One of the results of the longitudinal study was that one in five of the subjects had some form of dyslexia. But it also went deeper. Mrs. Shaywitz published a paper that demonstrated dyslexia affected both girls and boys, even though behavioral differences meant that it was hitherto underdiagnosed in girls. The study also showed that dyslexia was lifelong, and that even though a dyslexic person can improve their reading ability, they will always have the disorder. The Shaywitzes don’t think that’s a bad thing.

“Knowing that you’re dyslexic and all that it means is empowering,” Mrs. Shaywitz said. “It provides you with self-understanding and awareness. And that what you have has a name. Anxiety comes from the unknown, and when you know it has a name, you know what you need to do.”

Like many couples in their seventies, the Shaywitzes love to come to the Vineyard when they aren’t working. The trouble is, they almost always are. So sometimes they just bring their work with them.

“We’ve been coming for decades, and we just love it,” she said.

While on the Island, the couple has given talks on dyslexia at the West Tisbury Library, the Edgartown School and the Vineyard Center for Living. They’ve worked with librarians and come in the winter to observe teachers, finding that the Island’s educators were far better prepared to deal with dyslexic students than those in other small communities across the country.

“We were very impressed when we observed,” Mrs. Shaywitz said. “And we’ve interacted a lot because we feel like this is home.”

And anyone who is lucky enough to get to spend an afternoon with the Shaywitzes gets to discover that home, for them, means a lot more than physical space.
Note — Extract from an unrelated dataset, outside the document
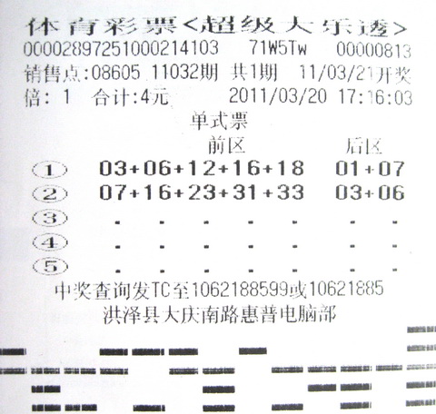 3月21日大乐透第11032期开奖号码为“07 16 23 31 33 + 03 10”,当期中出一注1000万大奖,为贵州彩民获得。而小刘坚守的2注号码中,其中1注是“07 16 23 31 33 + 03 06”。昨晚他路过大庆南路08605体彩站点时,便习惯性地进去买大乐透,一摸口袋,发现没带钱,于是他就出去了。回到家,他心想一两次不买没关系,不会今天晚上那么巧就开出了自己选的号码吧。过了一会,父亲打电话让他从家里带点东西,带上点零钱的小刘在路过体彩店时就顺便补上了自己的心仪号码。巧合的是,就是这张彩票,让他喜中大乐透二等奖9万多元。小刘感慨的说:“还得感谢我爸,不是他叫我出门一趟,我昨晚就错过了。”

It means a full spread of vegetables, cheeses, chips and crackers — and the opportunity to pack up the leftovers. It means stories of children who went on to Harvard Medical School and grandchildren who may also one day. And it means the genuine offer to test any friends or loved ones who might have dyslexia.

The first written description of dyslexia occurred in 1896, when a doctor in Sussex, England described a 14-year-old student named “Percy F.” as suffering from “congenital word blindness.” The doctor said that Percy had “always been a bright and intelligent boy . . . quick at games, and in no way inferior to others of his age. His great difficulty has been and is now his inability to learn to read.”

That brief description, according to Mrs. Shaywitz, summarizes the paradox that has confounded scientists for a century since — how otherwise intelligent people can struggle to read. Although the Shaywitzes are now in their seventies, they don’t plan to stop working to solve that puzzle any time soon.

“Why would we?” Mrs. Shaywitz said. “There’s so much work to do.”